November 21, 2024

No silver bullet: De-identification still doesn't work

Paul Ohm’s 2009 article Broken Promises of Privacy spurred a debate in legal and policy circles on the appropriate response to computer science research on re-identification techniques. In this debate, the empirical research has often been misunderstood or misrepresented. A new report by Ann Cavoukian and Daniel Castro is full of such inaccuracies, despite its claims of “setting the record straight.”

In a response to this piece, Ed Felten and I point out eight of our most serious points of disagreement with Cavoukian and Castro. The thrust of our arguments is that (i) there is no evidence that de-identification works either in theory or in practice and (ii) attempts to quantify its efficacy are unscientific and promote a false sense of security by assuming unrealistic, artificially constrained models of what an adversary might do.

Specifically, we argue that:

  1. There is no known effective method to anonymize location data, and no evidence that it’s meaningfully achievable.
  2. Computing re-identification probabilities based on proof-of-concept demonstrations is silly.
  3. Cavoukian and Castro ignore many realistic threats by focusing narrowly on a particular model of re-identification.
  4. Cavoukian and Castro concede that de-identification is inadequate for high-dimensional data. But nowadays most interesting datasets are high-dimensional.
  5. Penetrate-and-patch is not an option.
  6. Computer science knowledge is relevant and highly available.
  7. Cavoukian and Castro apply different standards to big data and re-identification techniques.
  8. Quantification of re-identification probabilities, which permeates Cavoukian and Castro’s arguments, is a fundamentally meaningless exercise.

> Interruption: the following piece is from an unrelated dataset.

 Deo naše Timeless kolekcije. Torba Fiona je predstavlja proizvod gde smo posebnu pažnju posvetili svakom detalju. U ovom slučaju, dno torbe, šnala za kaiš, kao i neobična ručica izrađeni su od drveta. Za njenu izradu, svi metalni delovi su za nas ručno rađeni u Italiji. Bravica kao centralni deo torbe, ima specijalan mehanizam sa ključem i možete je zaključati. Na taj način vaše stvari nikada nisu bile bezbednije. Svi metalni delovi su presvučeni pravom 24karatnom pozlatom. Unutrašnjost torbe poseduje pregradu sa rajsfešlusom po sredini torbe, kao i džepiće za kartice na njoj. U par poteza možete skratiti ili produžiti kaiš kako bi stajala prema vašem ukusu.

Data privacy is a hard problem. Data custodians face a choice between roughly three alternatives: sticking with the old habit of de-identification and hoping for the best; turning to emerging technologies like differential privacy that involve some trade-offs in utility and convenience; and using legal agreements to limit the flow and use of sensitive data. These solutions aren’t fully satisfactory, either individually or in combination, nor is any one approach the best in all circumstances.

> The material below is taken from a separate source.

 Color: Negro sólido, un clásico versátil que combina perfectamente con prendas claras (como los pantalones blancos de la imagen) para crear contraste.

Change is difficult. When faced with the challenge of fostering data science while preventing privacy risks, the urge to preserve the status quo is understandable. However, this is incompatible with the reality of re-identification science. If a “best of both worlds” solution exists, de-identification is certainly not that solution. Instead of looking for a silver bullet, policy makers must confront hard choices.